Kayıtsız

133 19 12
                                    

Sıradan bir hayatım vardı. Yeknesak.

Bir gün bir diğer günün ikiz kardeşiydi. Çok fazla düşünmez, ani kararlar vererek gönlüme anlık meşgaleler çıkarır ve bununla eğlenirdim. Bu döngü içinde nefes aldığımı hissederek yaşar, üzerinde durmaz ve tasalanmazdım. Yalancı hevesler gözlerimi boyarken hakikate yakın olmadığımın farkındaydım ancak ne kadar kaale alıyordum? Ergendim, eğleniyordum, gençliğimi her genç gibi vurdumduymaz, şuh ve sığ bir gerçeklik içinde gidip gelerek yaşıyordum. Durum değişmişti.
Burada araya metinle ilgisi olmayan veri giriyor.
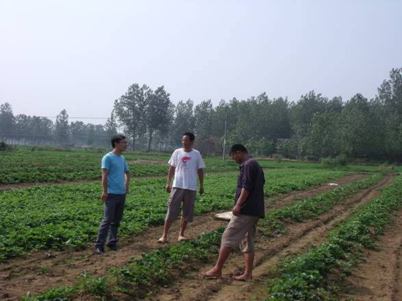 7、8月正值夏季高温、多雨季节,这是草莓繁苗管理最为关键的时期。为了确保魏营镇千亩草莓示范基地正常用苗,自7月份以来,王全智老师几乎每天都冒着酷暑奔走在农户和草莓繁苗田之间。他深入农户家中与农民交流草莓繁苗技术,了解农户草莓繁苗存在的问题,经常独自来到田间观察草莓生长及病虫害发生情况,为农户提出切实可行的管理技术和病虫害防治方法,为了进一步提早草莓上市时间,增加草莓经济效益,王全智老师向草莓种植大户传授了草莓假植及遮光处理技术,得到了草莓种植大户的一致认可。
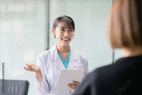 Obraz premium 患者を問診する若い女性医師「撮影協力:スカパー東京メディアセンター」
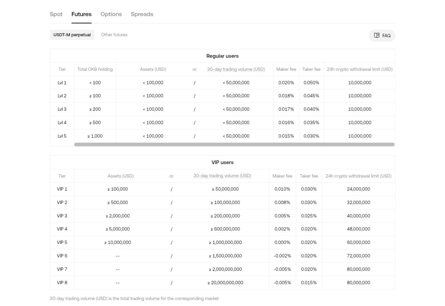 The fees are lower for VIP users, with VIP 1 users paying 0.03% (taker) and 0.01% (maker) for futures. The image below summarizes the fees for various VIP levels by trading volume or amount of OKB token the user is holding.

Ona kadar bu böyleydi. Şimdi ise okul sırasına bacaklarımı uzatarak oturmuş, dersten hiçbir şey anlamayarak, bulunduğum yere eğreti bir ilişiklikle dinlemeye ve odaklanmaya çalışıyordum ancak aklımda dönen yalnızca Jimin'in anlattıkları, anımsadığım kesik görüntüler ve V'ydi.

Akşamdan kaldığım, hiçbir şey hatırlamayarak, carpe diem saçmalığıyla yaşayarak uyandığım çok gün olmuştu. Hiçbirini şimdiki gibi düşünmüyordum.

Bana kurallar koyması, gizemli davranışları, sözleri aklımı bu kadar kurcalamamalıydı.

Bana ona dokunmak için kurallar koymuştu, kurallarını yıkmıştım. Genel olarak kural tanımayan bir yapıya sahiptim, olayın şaşılası durumu bu kısım değildi. Sorun onun boktan kurallarındaydı.

"Kural bir, benimle ilgili soru sormak yok."

"İki; evime benden habersiz gelmek, emrivaki davranmak, daha fazlasını istemek ve benden habersiz bir şeye kalkışmak yok."

"Ve son kural, benden duygusal bir karşılık beklemeyeceksin tavşan."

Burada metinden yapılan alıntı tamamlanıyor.